On September 15, 2011, following a Notice of Proposed Rule Making issued in November 2010, the EPA and NHTSA issued final “Greenhouse Gas Emissions Standards and Fuel Efficiency Standards for Medium- and Heavy-Duty Engines and Vehicles” that will begin with model year 2014. The new standards, which will be phased in, apply to model years 2014-2018 and are tailored to each of three main regulatory categories of vehicles:

  • Combination tractors, commonly known as semi-trucks that typically pull trailers (Class 7 and 8), although the agencies are not regulating trailers;
  • Vocational vehicles, which comprise a very wide variety of truck and bus types (Class 2b through 8); and
  • Heavy-duty pickup trucks and vans (Class 2b and 3).

Incentives are provided to encourage the introduction of advanced technologies, including hybrid powertrains in appropriate applications. In addition to controlling CO2 as a greenhouse gas emission, the EPA rules also cover hydrofluorocarbon standards to control leakage from air conditioning systems in combination tractors, pickup trucks and vans, and nitrous oxide (N2O) and methane (CH4) emissions standards that apply to all heavy-duty engines.
The standards for vocational vehicles and combination tractors have separate fuel-consumption standards for vehicles and for engines. Fuel-consumption standards for tractors are expressed in gallons per 1,000 ton-miles (based on tons of freight hauled) and in gallons per 100 bhp-hr for engines. By model year 2018, these standards will require up to a 23 percent reduction in fuel consumption and CO2 emissions relative to the 2010 baseline.
The standards for vocational trucks (Class 2b through 8) are also expressed in gallons per 1,000 ton-miles and are set separately for light heavy-duty (Class 2b through 5), medium heavy-duty (Class 6-7), and heavy heavy-duty (Class 8) trucks. Achieving standards for vocational vehicles is limited to engine improvements and tire technologies for reduced rolling resistance. By model year 2018, the standards for vocational vehicles will require up to a 10 percent reduction in fuel consumption and CO2 emissions compared to the 2010 baseline.
The standards for heavy-duty pickups and vans (Class 2b and 3) are expressed in gallons per 100 miles with separate standards for gasoline-fueled and diesel-fueled vehicles. The EPA and NHTSA expect industry to apply similar technologies as the 2012-2016 light-duty vehicle CAFE program, but adapted to heavy-duty applications. The standards are fleet-wide corporate average standards as in the case for light-duty vehicles. By model year 2018, the standards will require an average per-vehicle reduction in fuel consumption and CO2 emissions of up to 15 percent for diesel and 10 percent for gasoline vehicles compared to a common 2010 baseline.
Over the lifetime of heavy-duty vehicles built for model years 2014-2018, these standards, if successfully met, will promote improvements to overall efficiency that are expected to result in a savings of 530 million barrels of oil and a reduction of 270 million tons of carbon emissions. Achieving these reductions will improve national energy security, reduce air pollution and benefit consumers and businesses with lower costs for transporting goods while spurring innovation in the clean energy technology sector.

  • Gary Schneweis says:

    I bought my first diesel p/u in 1996 and have had many since. i know the hp and torque have doubled but the fuel economy is 30% less on newer diesels. How is consuming more energy better for enviroment, we are drilling more or importing more oil. i have friends that run trucking companies and they all say that between 1998 and 2001 engines are the most fuel efficent engines they ran,so how are we better? I feel we are going backwards!

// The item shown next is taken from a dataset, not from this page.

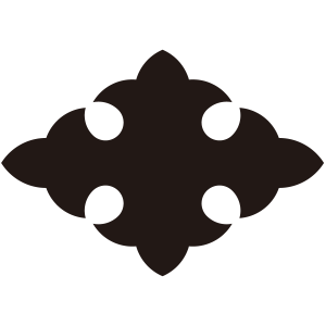朧花菱紋は、『花菱』の花弁を1つにまとめ、形を崩して花形の十字に描く。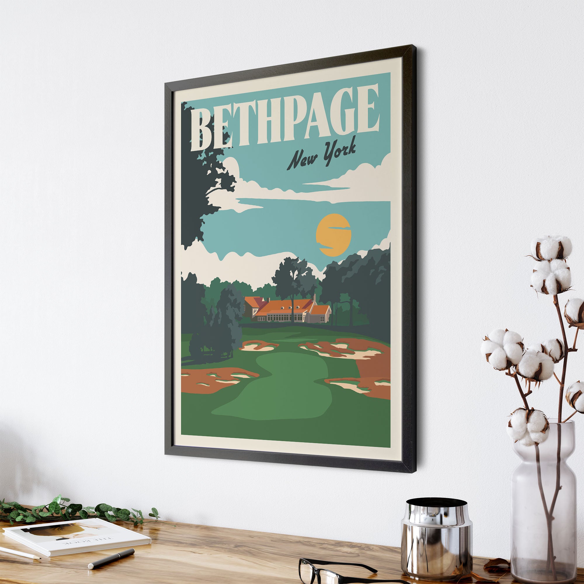 Dive into the golfing legacy of Bethpage, New York with our minimalist travel print. Nestled in the charismatic landscapes of Long Island, Bethpage resonates with tales of golfing greatness — from the legendary Tiger Woods' 2002 US Open triumph to Brooks Koepka's gripping PGA victory in 2019. With the anticipation of the Ryder Cup in 2025, Bethpage promises more iconic moments. Perfect for those who celebrate the rich tapestry of golf's history and yearn for its unfolding future.

    January 27, 2012 at 5:18 pm
    • Brian says:

      Gary –
      I, too, have experienced the same thing and had the same conversations with other farmers in my area. The trucks have worse fuel efficiency, not better. I have a 2001 and a 2009 diesel. I will warn you about the newer trucks. If you live in a rural area where the dealership is not nearby, you will not be happy.
      The new exhaust aftertreatment systems on the trucks are horrible. They have to be cleaned often, and I find myself making a 160 mile roundtrip trek to the dealership in the city just to have it cleaned every 4 months. It will leave you on the side of the road if you aren’t careful. A neighboring farmer put his off about two months too long and ended up with $18,000 in damage – burned up the turbo, injectors, and a lot more. The exhaust systems don’t let the engine breathe – it reduces fuel efficiency, hp, and torque – drags the whole engine down til it burns up or you take it in for cleaning.
      The 2001 truck is still running just fine and has much better fuel efficiency, especially when towing the cows to town.
      I don’t know what the solution is. It would be nice if I could drive a Volt, but I don’t think it’d haul the animals or have enough room in the trunk for feed and hay…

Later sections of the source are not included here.